● **Data for processing**

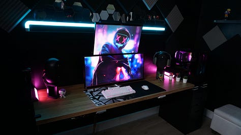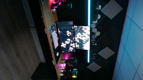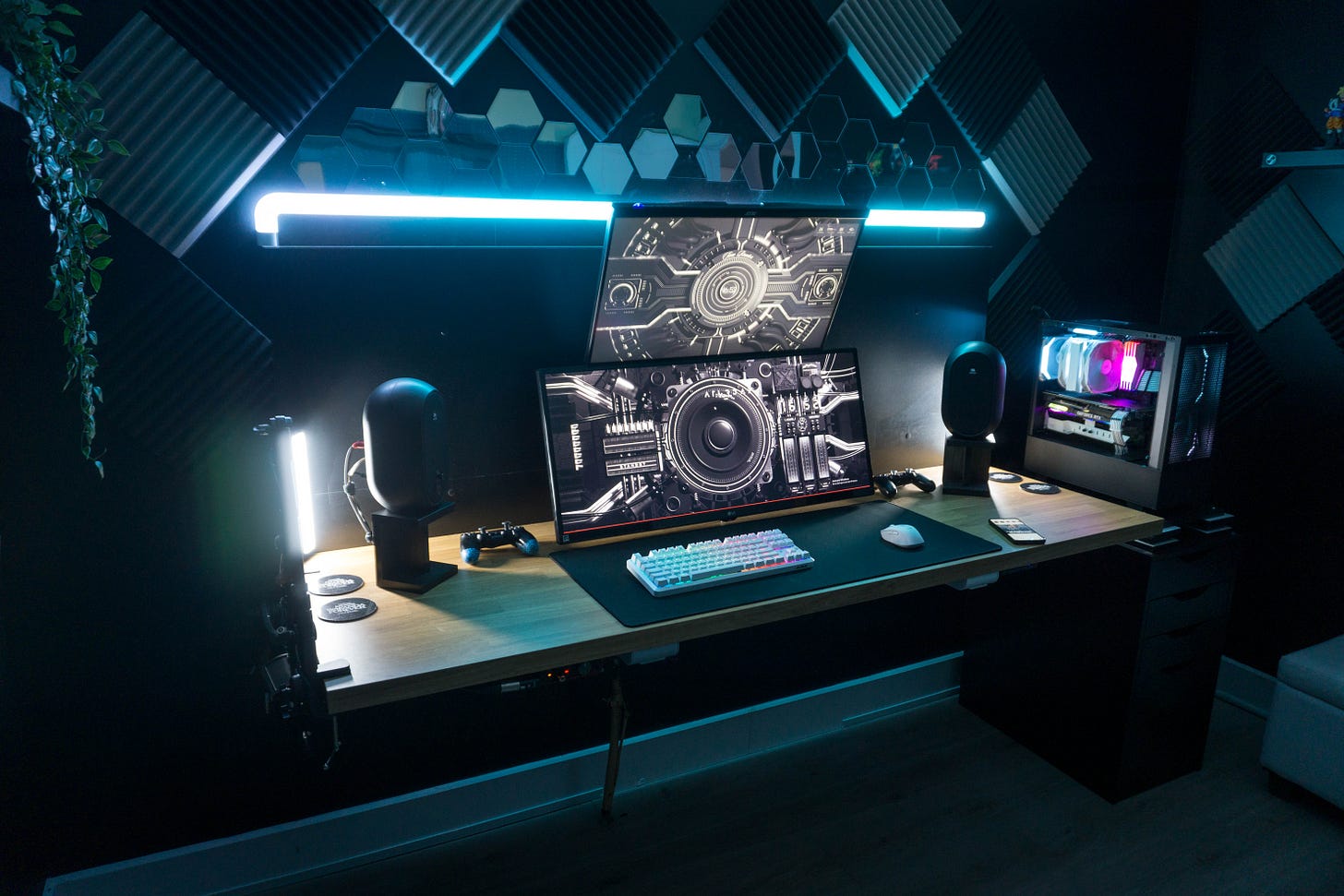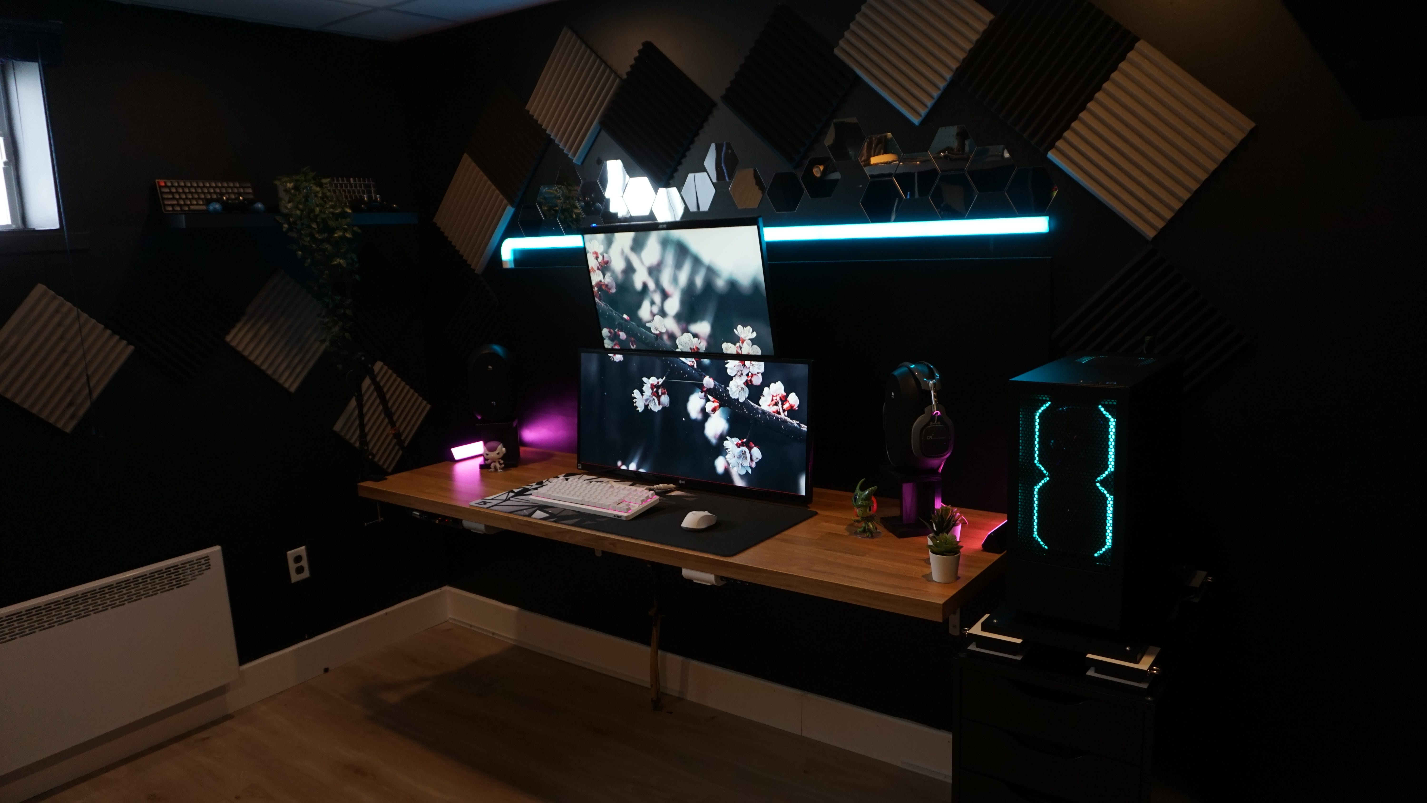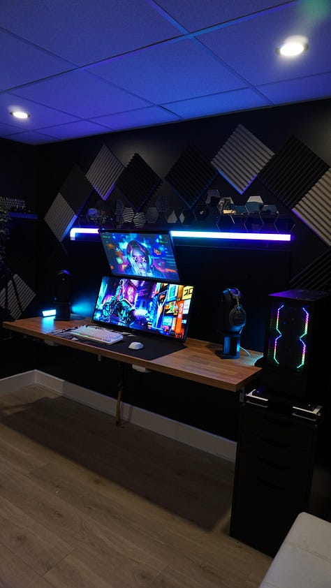 A large desk, dual monitor setup and the possibility to put in the right mood by adjusting the background lighting. This makes it the right place for Elias, 30 from Canada to dive into some gaming action. He is a construction worker and singer - check out more of him on Instagram.
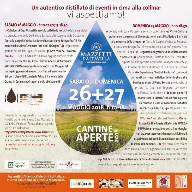 Sabato 26 e domenica 27 maggio Mazzetti d’Altavilla la più storica Distilleria del Nord-Ovest aderisce a “Cantine Aperte 2018”, il format promosso dal Movimento Turismo del Vino Piemonte, e ospiterà una due giorni di celebrazione del Distillato 100% piemontese, che sta vivendo un momento di vivace riscoperta e valorizzazione con un pubblico sempre più vario che si affaccia alla tradizione, con gli occhi del presente.
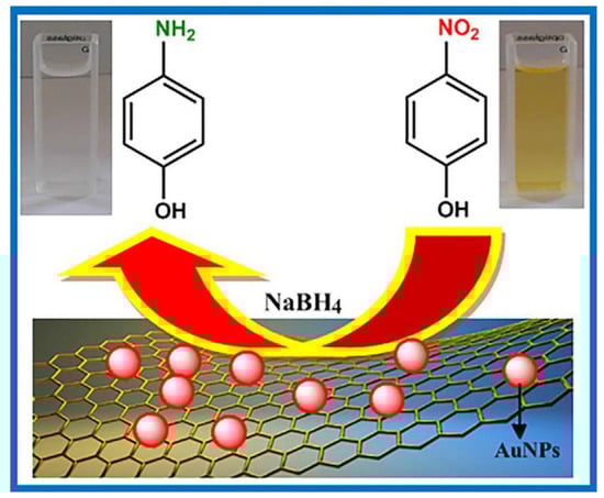 - Vellaichamy, B.; Prakash, P.; Thomas, J. Synthesis of AuNPs@RGO nanosheets for sustainable catalysis toward nitrophenols reduction. Ultrason. Sonochemistry 2018, 48, 362–369. [Google Scholar] [CrossRef]
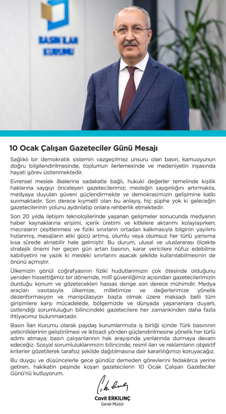 “Basın İlan Kurumu olarak paydaş kurumlarımızla iş birliği içinde Türk basınının yetkinliklerinin geliştirilmesi ve iktisadi yönden güçlendirilmesine yönelik her türlü adımı atmaya; basın çalışanlarının hak arayışında yanlarında durmaya devam edeceğiz. Sosyal sorumluluklarımızın bilincinde; resmî ilan ve reklamların objektif kriterler gözetilerek tarafsız şekilde dağıtılmasına dair kararlılığımızı koruyacağız. Bu duygu ve düşüncelerle gece gündüz demeden görevlerini fedakârca yerine getiren, hakikatin peşinde koşan gazetecilerin 10 Ocak Çalışan Gazeteciler Gününü kutluyorum.”
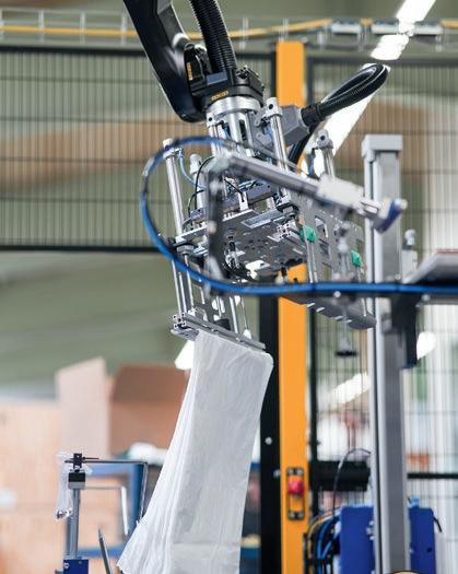 dukten der joke mechanix GmbH zählen unter anderem der „joke Wicketer“ zur Herstellung von Seiten-Trennnaht-Klappenbeuteln und das „Robo Pack System“ für deren vollautomatisierte Verpackung.
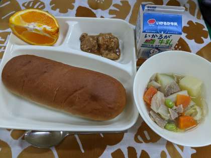 3月2日(火)のこんだては「鶏肉のみそバターソース、スープ煮、デコポン、黒糖パン、牛乳」です。
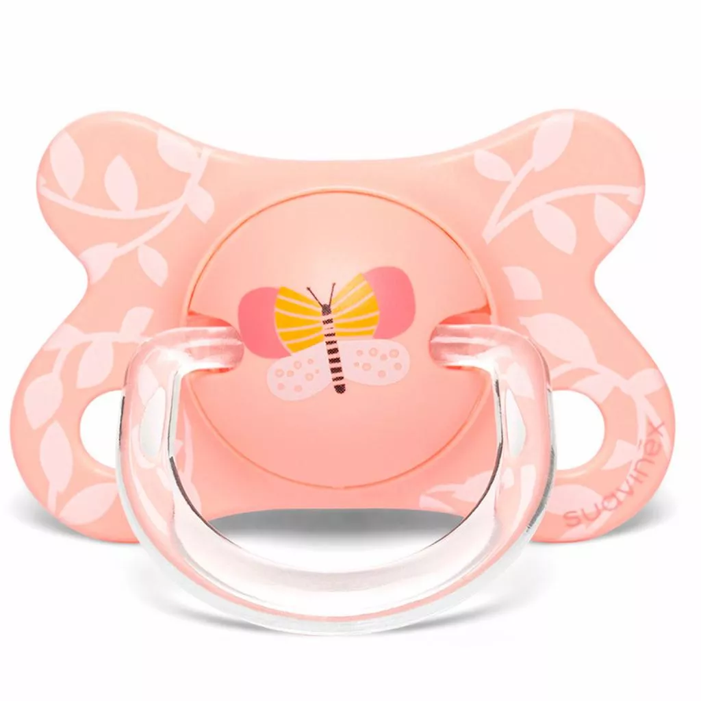 Пустышка силиконовая Suavinex (Суавинекс) Крылатые истории Розовые бабочки - физиологическая, удобная и абсолютно безопасная для ребенка.
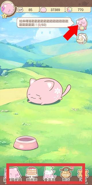 1、游戏开始,关注界面上的任务提示(如给麻糬猫数数),完成任务可获取奖励,提升游戏资源(CP、金币、钻石)。
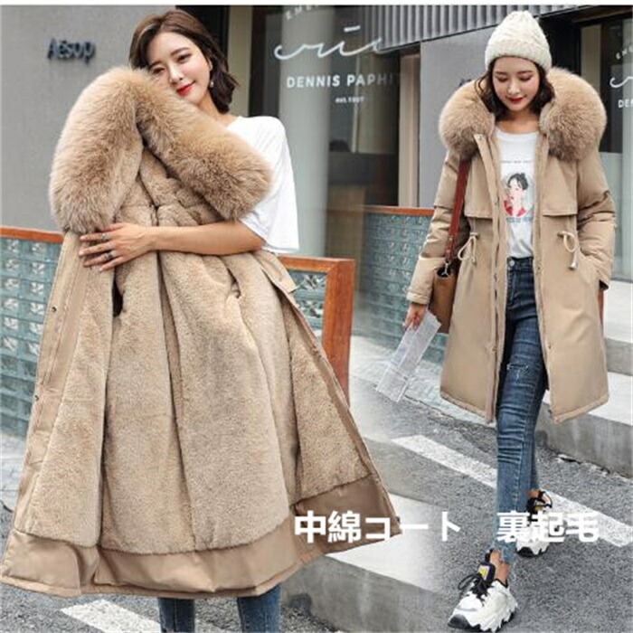 レディース 中綿コート アウター フェイク毛皮 コート 冬 裏起毛 フード付き中綿パーカー ロングコート 冬服 カジュアル 厚手 防風 防寒 暖かい
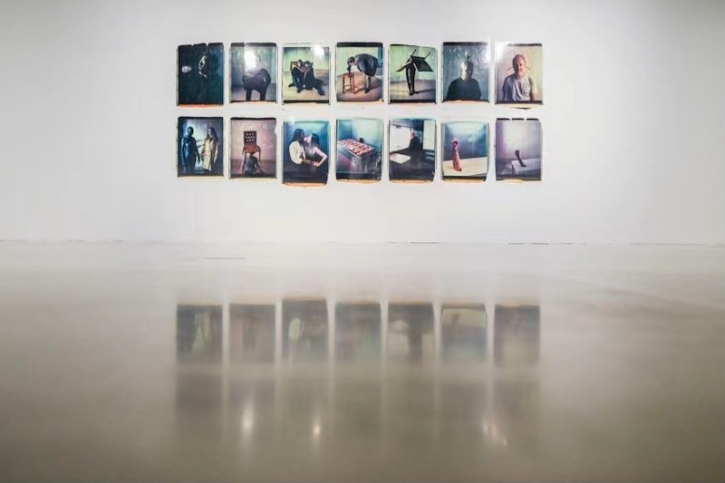 此外,三楼展厅中央呈现的是欧文·沃姆的日常物品拟人化之作。那些永不停止行走的四肢、神经质的身体,或者被抽离中空的衣物外壳,就像一个个梦游者般伫立于展厅之中。例如,用毛衣包裹住的雕塑,仿佛被赋予了不一样的灵动质感,而或动或静的包袋拟人雕塑,则展现了不一样的雕塑状态。在展墙上,则是老派“拍立得”记录下的雕塑瞬间。
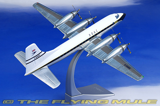 Corgi's 1:144 scale Bristol Britannia is constructed almost entirely of solid diecast metal with only the smallest amount of plastic, a quality common to most of Corgi's 1:144 series aircraft. The large rudder and top portion of model's fuselage are cast as one solid piece, and pad-printed windows and doors provide a seamless touch that does not interrupt the lines of the aircraft. The solid diecast metal wing features large engine nacelles and thinly stamped propellers. Wheels-down configuration of the model is easy with landing gear that installs quickly, and air stairs are included for enhanced ground display (on some releases; see photos).
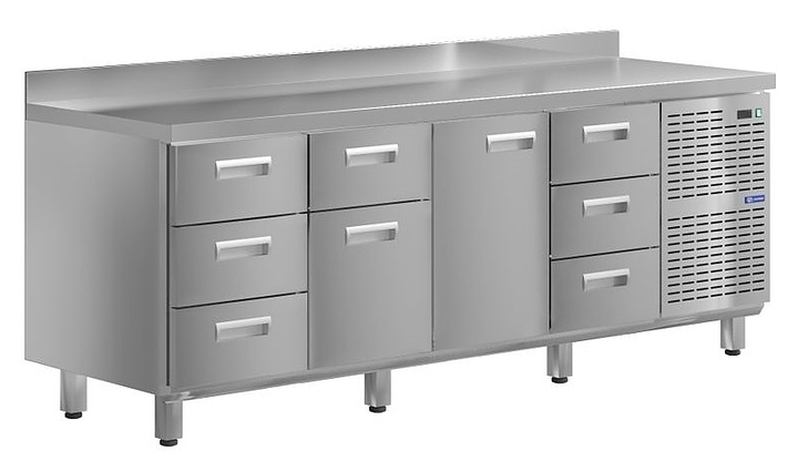 Морозильный стол KAYMAN KСМ-3413/70 предназначен для охлаждения, хранения и обработки пищевых продуктов в ресторанах, барах, кафе, столовых, на профессиональных кухнях и пищевых производствах. На прочной столешнице можно резать, раскатывать и отбивать полуфабрикаты. Модель оснащена 8 ящиками и 1 дверью. Изделие выполнено из высококачественной нержавеющей стали, отличающейся прочностью и долговечностью.
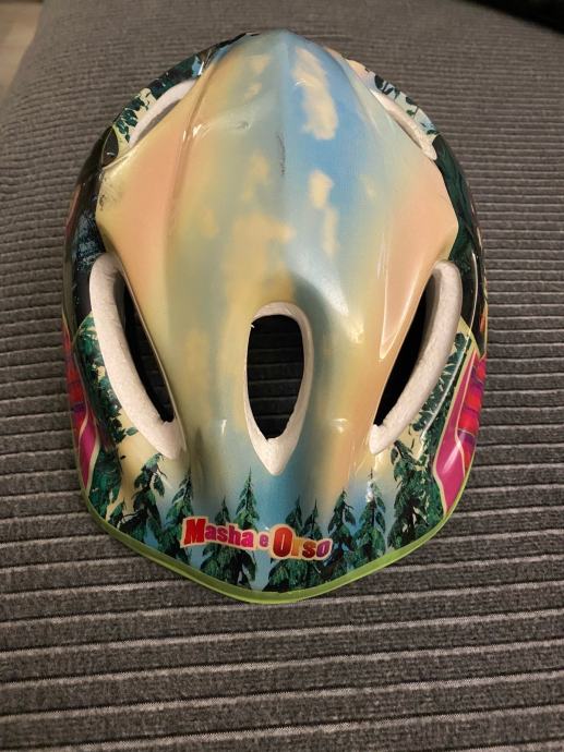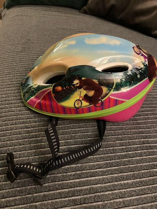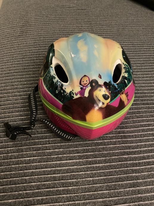 Prodajem Maša i medvjed kacigu za vožnju biciklom ili koturanje. Super očuvana i bez oštećenja. Primjerena za djecu stariju od 3 godine. Podesiva veličina od 52 do 56 cm.
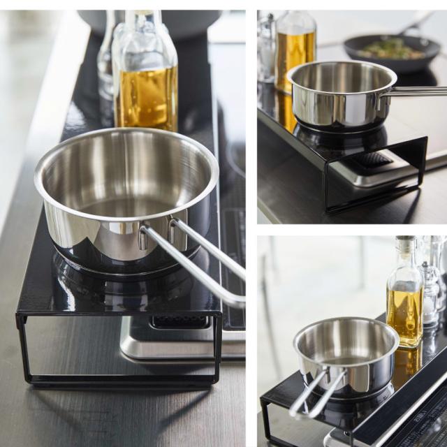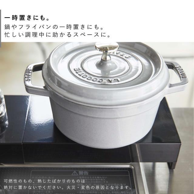 奥行がワイドなので鍋やフライパンの一時置きにも便利。調味料などを置くこともできます。
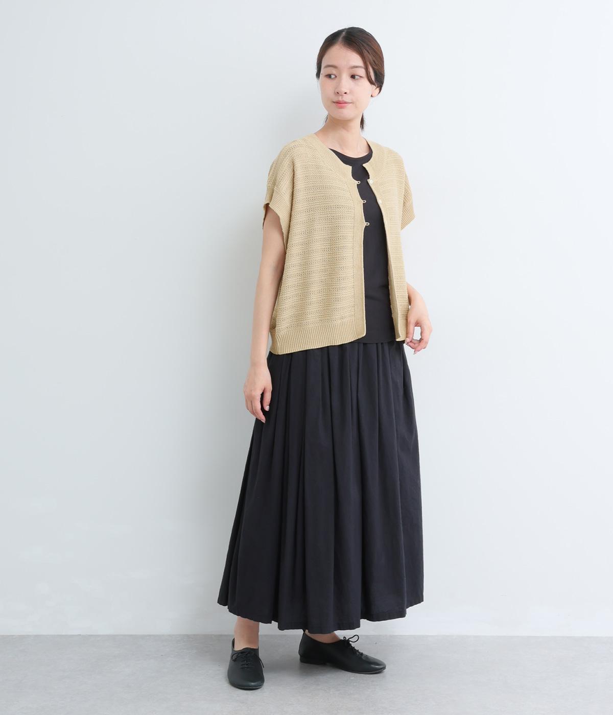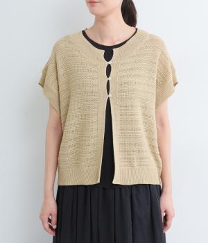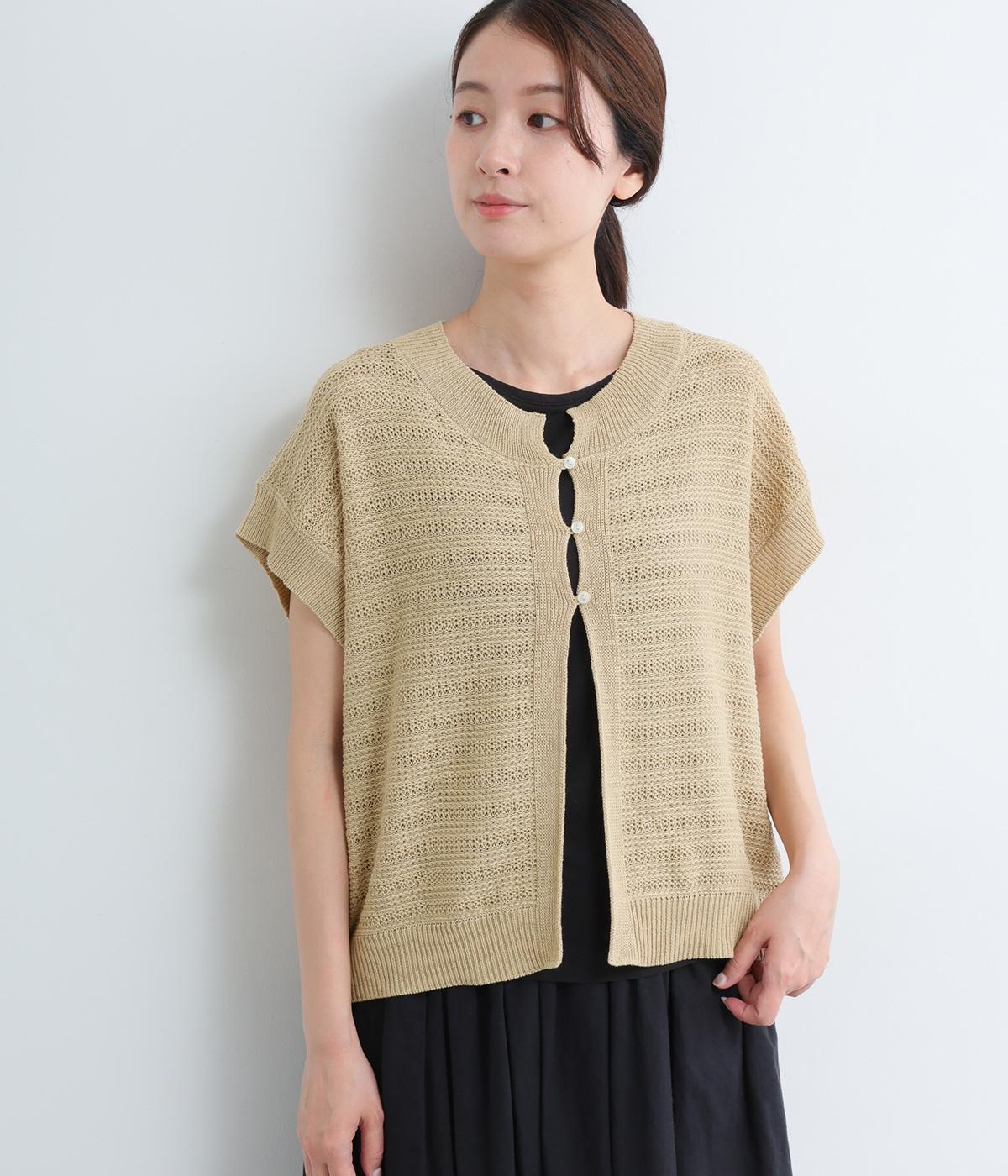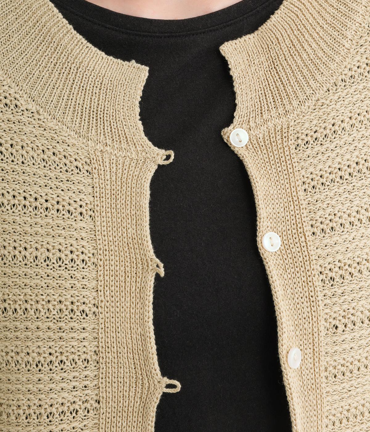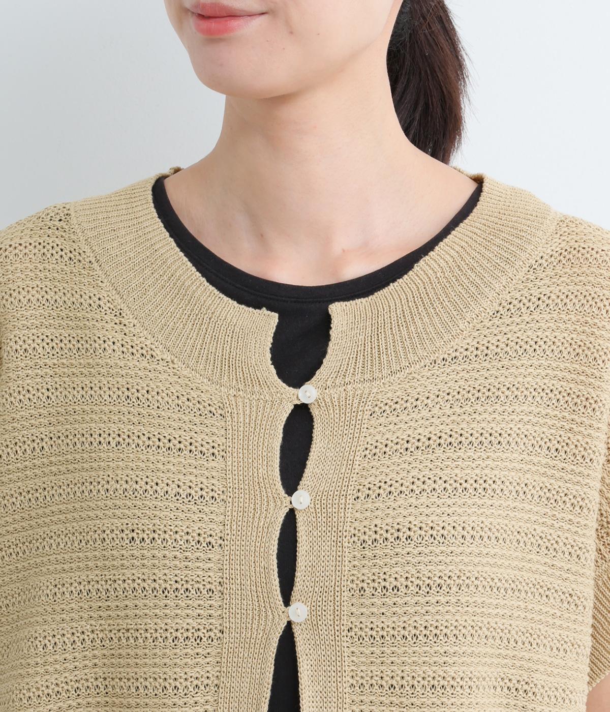 かぎ編みによる適度な抜け感がこなれた印象を運ぶカーディガン。ナチュラルな風合いでラフに羽織りやすく、スタイリングの印象チェンジとしても活躍。ボタンを上に配しているのでワンピースなどとも好相性です。

● **Exercise**
Pictures excluded, print only the lines from the one with "奥行がワイドなので鍋やフライ" through the end of the entries above, exactly as written.

● **Completed task**
 奥行がワイドなので鍋やフライパンの一時置きにも便利。調味料などを置くこともできます。
 かぎ編みによる適度な抜け感がこなれた印象を運ぶカーディガン。ナチュラルな風合いでラフに羽織りやすく、スタイリングの印象チェンジとしても活躍。ボタンを上に配しているのでワンピースなどとも好相性です。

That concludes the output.